[REQUIRED WORK] A faithful copy of the listing below is needed, one that contains no pictures.

[INPUT DATA]
*****

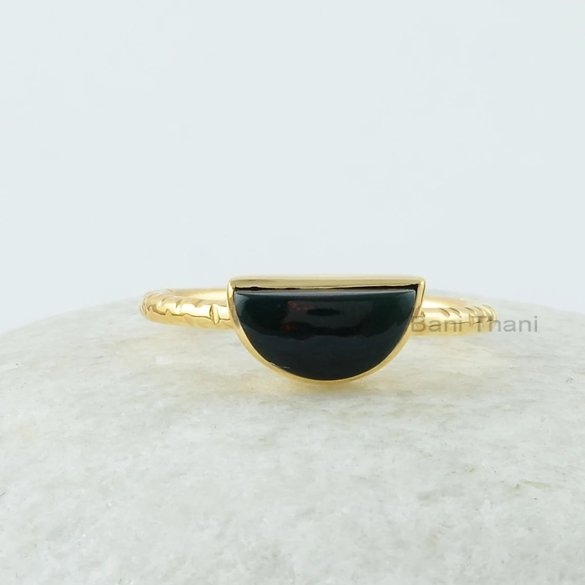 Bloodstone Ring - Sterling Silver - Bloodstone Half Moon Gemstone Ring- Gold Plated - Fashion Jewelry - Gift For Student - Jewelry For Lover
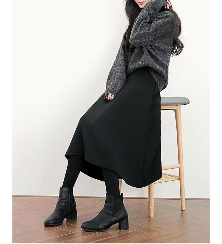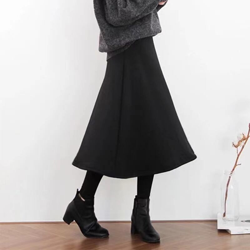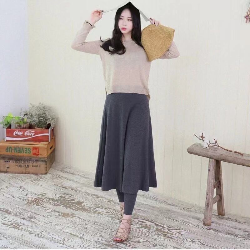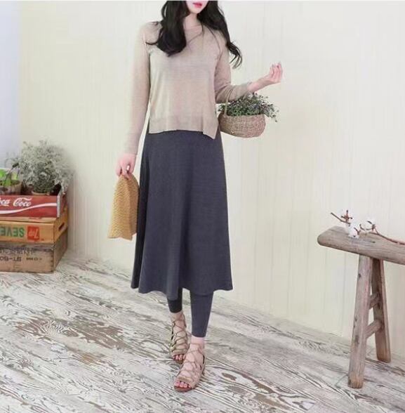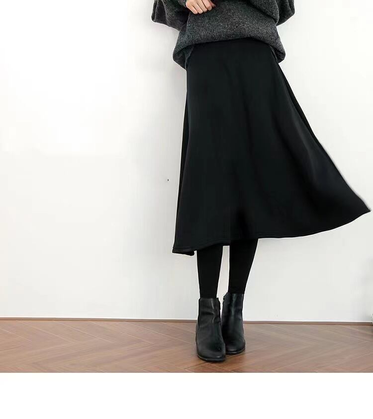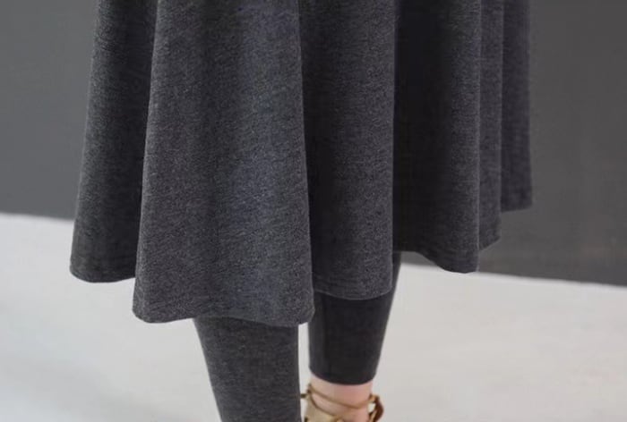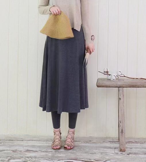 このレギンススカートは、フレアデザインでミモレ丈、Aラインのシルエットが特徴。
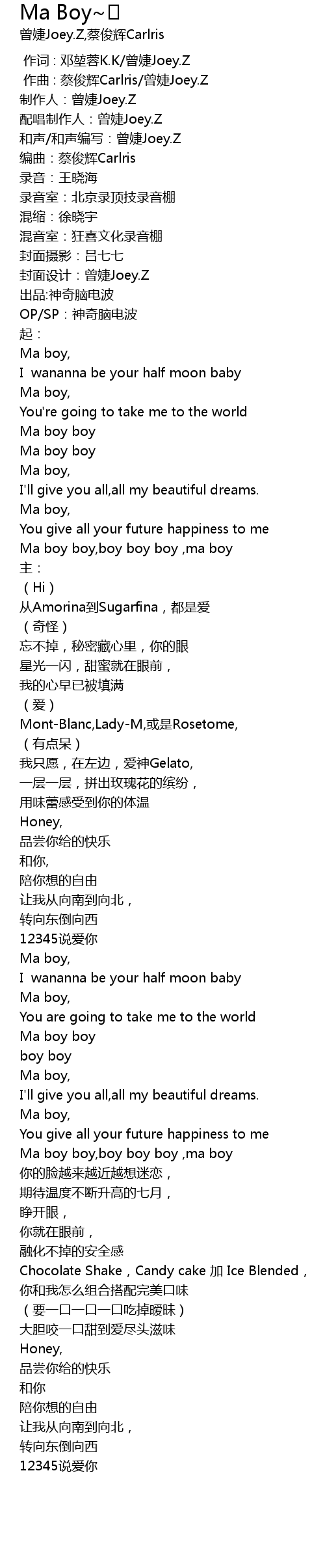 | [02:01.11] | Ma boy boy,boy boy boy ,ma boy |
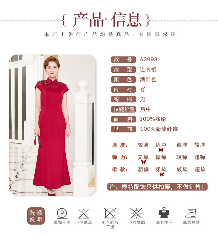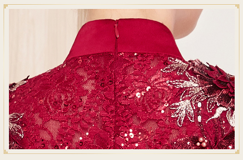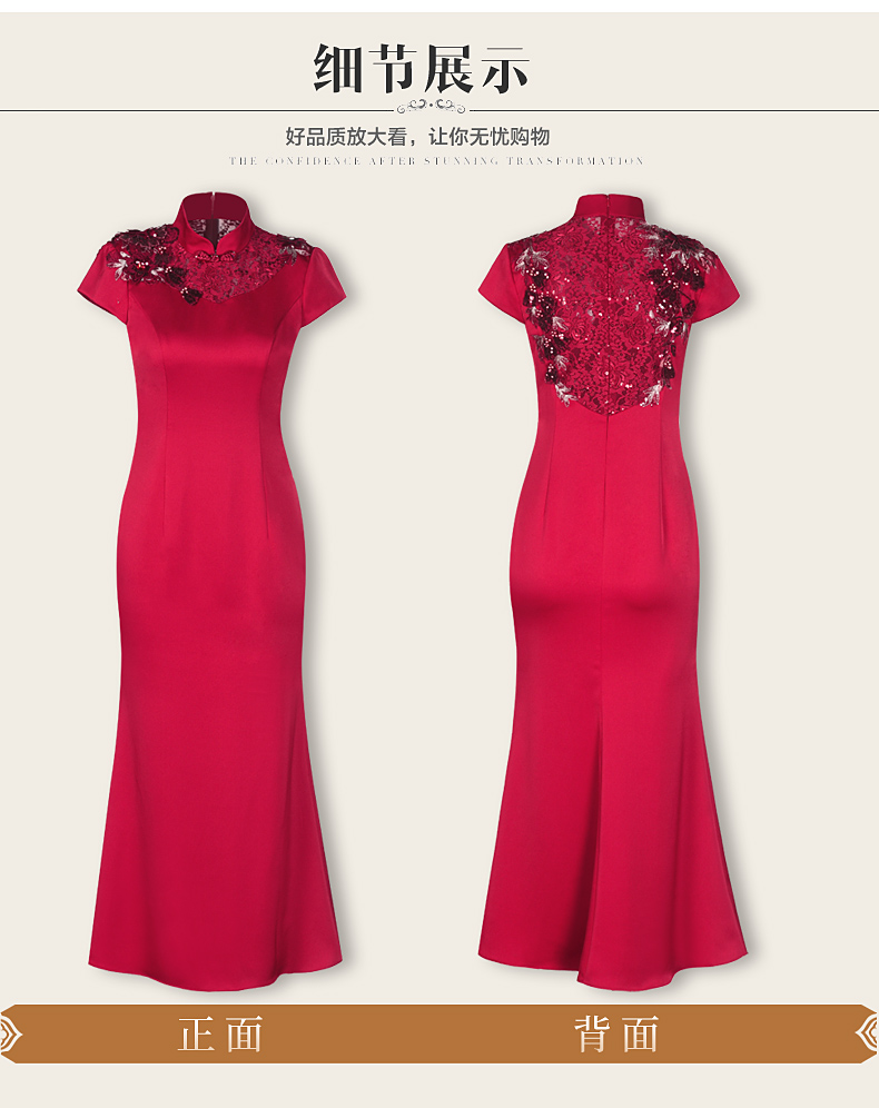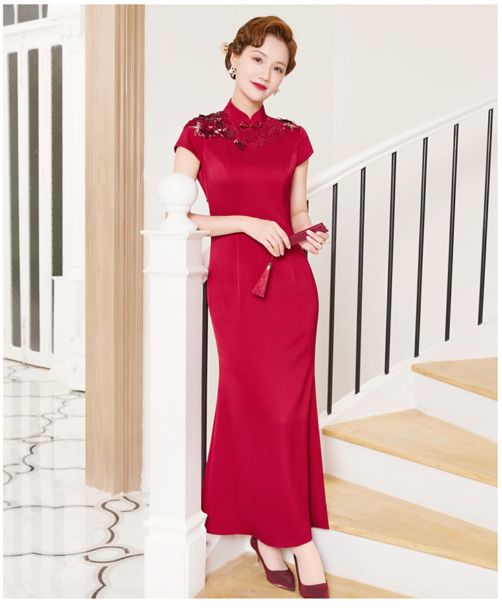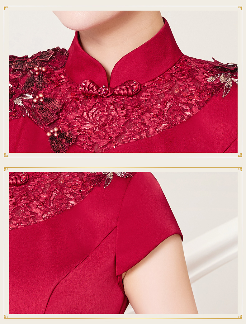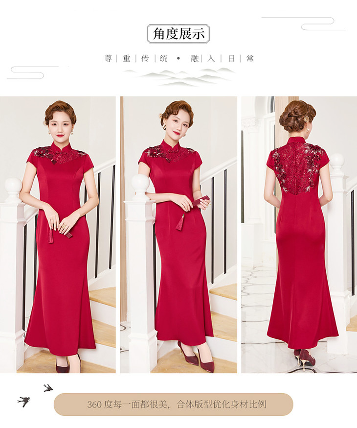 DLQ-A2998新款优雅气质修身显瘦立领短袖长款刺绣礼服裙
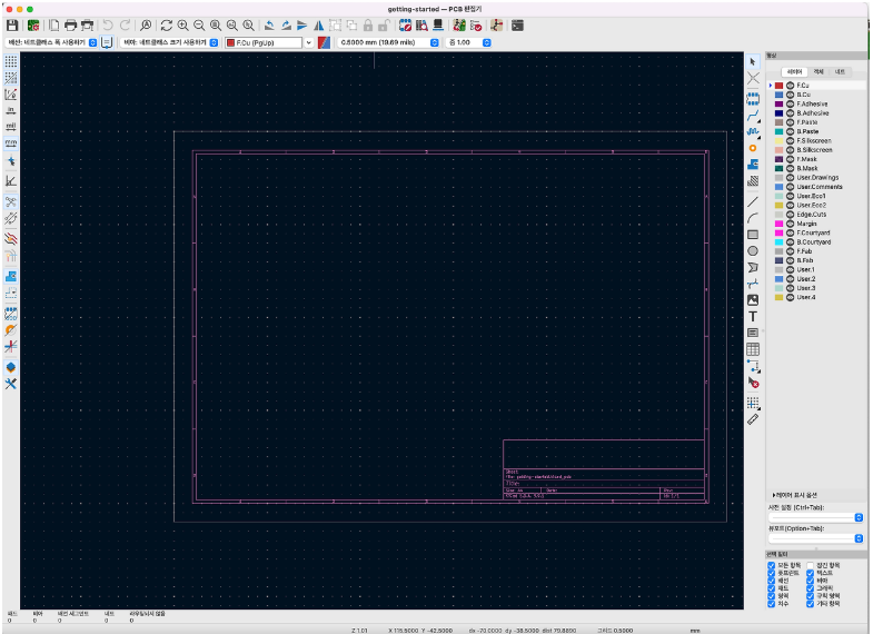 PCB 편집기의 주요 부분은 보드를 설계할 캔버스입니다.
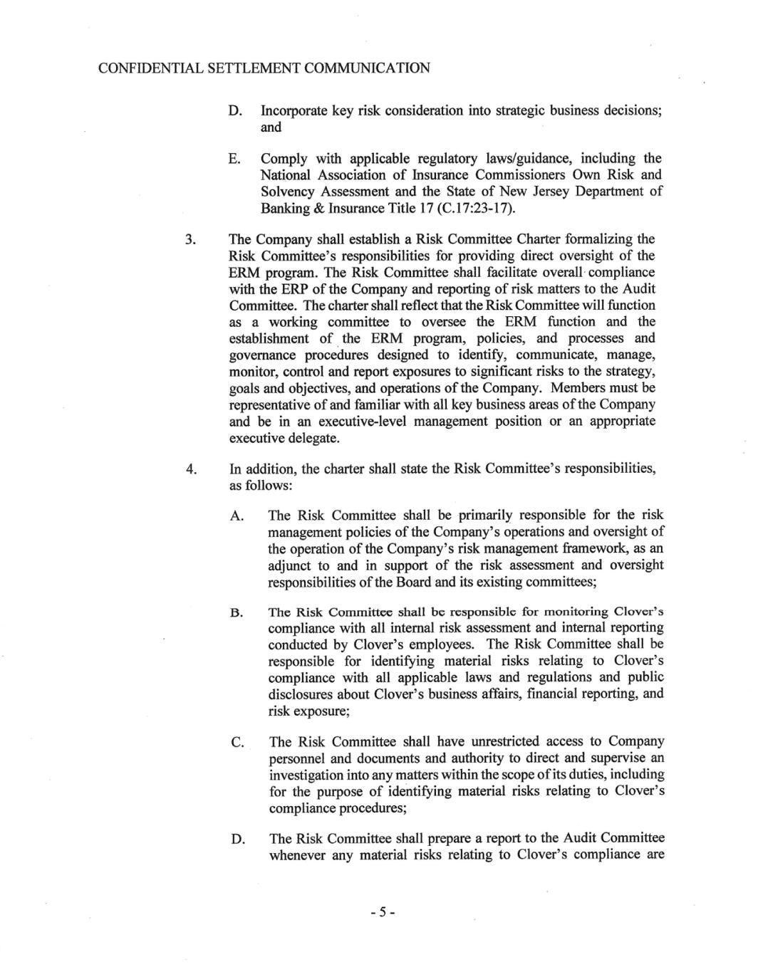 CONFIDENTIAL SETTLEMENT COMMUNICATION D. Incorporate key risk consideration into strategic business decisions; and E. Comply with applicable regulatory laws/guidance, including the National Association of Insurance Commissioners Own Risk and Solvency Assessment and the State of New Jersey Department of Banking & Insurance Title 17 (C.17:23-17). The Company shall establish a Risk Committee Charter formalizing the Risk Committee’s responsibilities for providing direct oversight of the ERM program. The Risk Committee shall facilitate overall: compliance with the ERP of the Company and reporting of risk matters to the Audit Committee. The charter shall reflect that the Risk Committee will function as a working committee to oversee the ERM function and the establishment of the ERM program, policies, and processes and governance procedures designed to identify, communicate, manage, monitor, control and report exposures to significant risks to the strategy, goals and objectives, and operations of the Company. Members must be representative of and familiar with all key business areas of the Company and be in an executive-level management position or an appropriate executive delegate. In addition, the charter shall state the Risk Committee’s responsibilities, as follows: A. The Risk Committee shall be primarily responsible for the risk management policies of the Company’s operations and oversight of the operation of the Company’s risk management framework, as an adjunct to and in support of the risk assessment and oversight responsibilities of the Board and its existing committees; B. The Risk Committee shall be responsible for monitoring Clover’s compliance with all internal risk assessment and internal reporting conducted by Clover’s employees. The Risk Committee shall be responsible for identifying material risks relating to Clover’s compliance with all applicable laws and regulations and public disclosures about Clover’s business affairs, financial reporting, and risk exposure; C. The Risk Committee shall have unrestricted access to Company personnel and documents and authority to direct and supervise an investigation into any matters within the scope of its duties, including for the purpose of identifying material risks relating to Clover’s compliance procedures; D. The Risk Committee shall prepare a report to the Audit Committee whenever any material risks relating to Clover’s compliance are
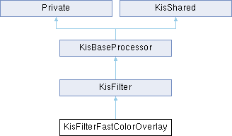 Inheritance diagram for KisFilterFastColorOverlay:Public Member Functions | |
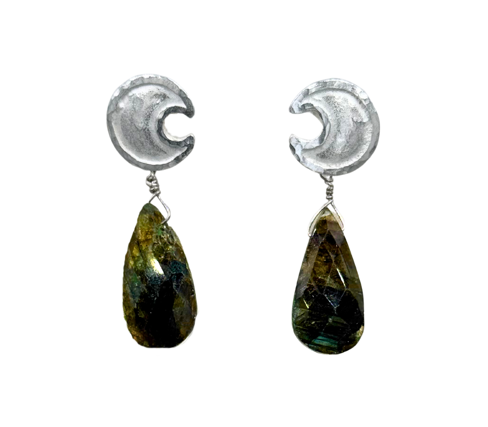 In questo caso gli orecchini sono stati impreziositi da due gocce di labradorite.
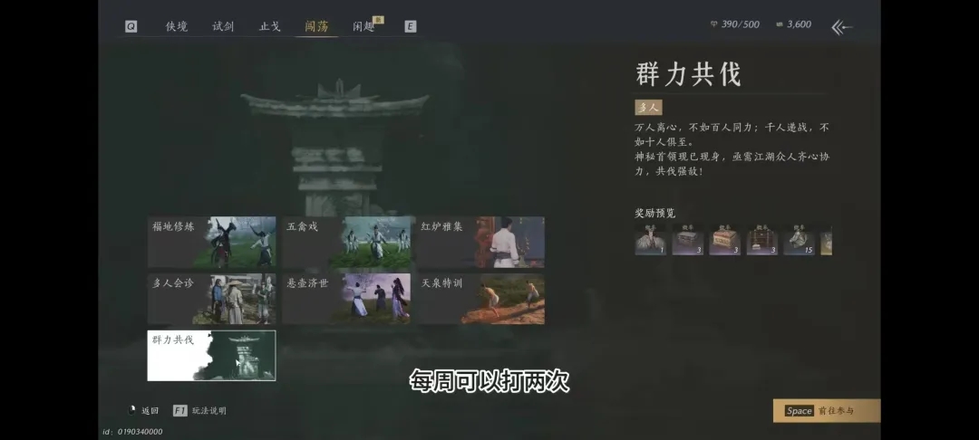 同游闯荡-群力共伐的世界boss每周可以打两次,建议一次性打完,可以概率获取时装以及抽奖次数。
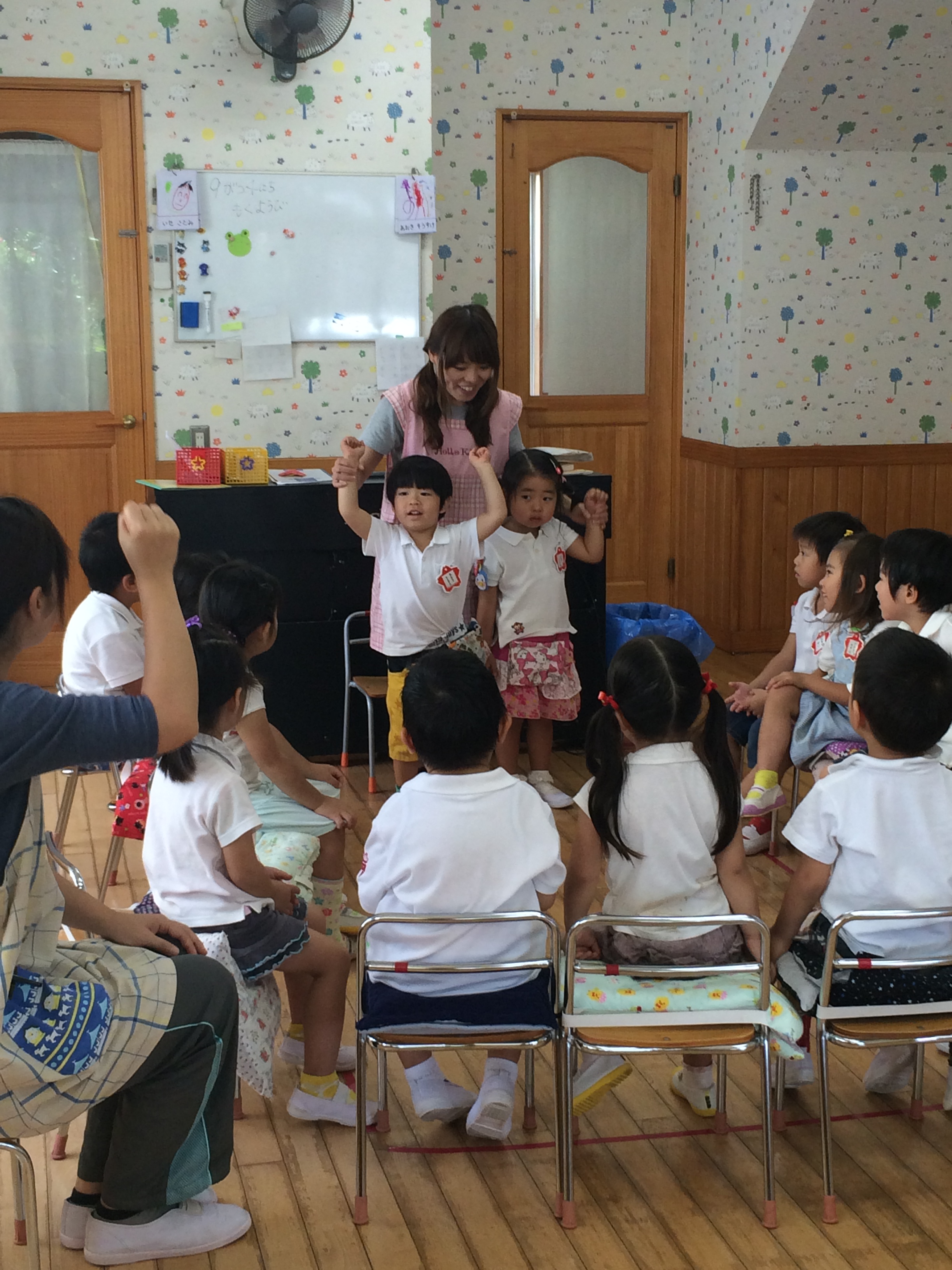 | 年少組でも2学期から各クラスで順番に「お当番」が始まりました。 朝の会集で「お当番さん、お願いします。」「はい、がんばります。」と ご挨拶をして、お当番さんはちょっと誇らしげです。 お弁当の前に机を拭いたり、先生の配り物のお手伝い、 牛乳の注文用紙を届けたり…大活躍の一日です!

*****

[ANSWER AREA]
 Bloodstone Ring - Sterling Silver - Bloodstone Half Moon Gemstone Ring- Gold Plated - Fashion Jewelry - Gift For Student - Jewelry For Lover
 このレギンススカートは、フレアデザインでミモレ丈、Aラインのシルエットが特徴。
 | [02:01.11] | Ma boy boy,boy boy boy ,ma boy |
 DLQ-A2998新款优雅气质修身显瘦立领短袖长款刺绣礼服裙
 PCB 편집기의 주요 부분은 보드를 설계할 캔버스입니다.
 CONFIDENTIAL SETTLEMENT COMMUNICATION D. Incorporate key risk consideration into strategic business decisions; and E. Comply with applicable regulatory laws/guidance, including the National Association of Insurance Commissioners Own Risk and Solvency Assessment and the State of New Jersey Department of Banking & Insurance Title 17 (C.17:23-17). The Company shall establish a Risk Committee Charter formalizing the Risk Committee’s responsibilities for providing direct oversight of the ERM program. The Risk Committee shall facilitate overall: compliance with the ERP of the Company and reporting of risk matters to the Audit Committee. The charter shall reflect that the Risk Committee will function as a working committee to oversee the ERM function and the establishment of the ERM program, policies, and processes and governance procedures designed to identify, communicate, manage, monitor, control and report exposures to significant risks to the strategy, goals and objectives, and operations of the Company. Members must be representative of and familiar with all key business areas of the Company and be in an executive-level management position or an appropriate executive delegate. In addition, the charter shall state the Risk Committee’s responsibilities, as follows: A. The Risk Committee shall be primarily responsible for the risk management policies of the Company’s operations and oversight of the operation of the Company’s risk management framework, as an adjunct to and in support of the risk assessment and oversight responsibilities of the Board and its existing committees; B. The Risk Committee shall be responsible for monitoring Clover’s compliance with all internal risk assessment and internal reporting conducted by Clover’s employees. The Risk Committee shall be responsible for identifying material risks relating to Clover’s compliance with all applicable laws and regulations and public disclosures about Clover’s business affairs, financial reporting, and risk exposure; C. The Risk Committee shall have unrestricted access to Company personnel and documents and authority to direct and supervise an investigation into any matters within the scope of its duties, including for the purpose of identifying material risks relating to Clover’s compliance procedures; D. The Risk Committee shall prepare a report to the Audit Committee whenever any material risks relating to Clover’s compliance are
 Inheritance diagram for KisFilterFastColorOverlay:Public Member Functions | |
 In questo caso gli orecchini sono stati impreziositi da due gocce di labradorite.
 同游闯荡-群力共伐的世界boss每周可以打两次,建议一次性打完,可以概率获取时装以及抽奖次数。
 | 年少組でも2学期から各クラスで順番に「お当番」が始まりました。 朝の会集で「お当番さん、お願いします。」「はい、がんばります。」と ご挨拶をして、お当番さんはちょっと誇らしげです。 お弁当の前に机を拭いたり、先生の配り物のお手伝い、 牛乳の注文用紙を届けたり…大活躍の一日です!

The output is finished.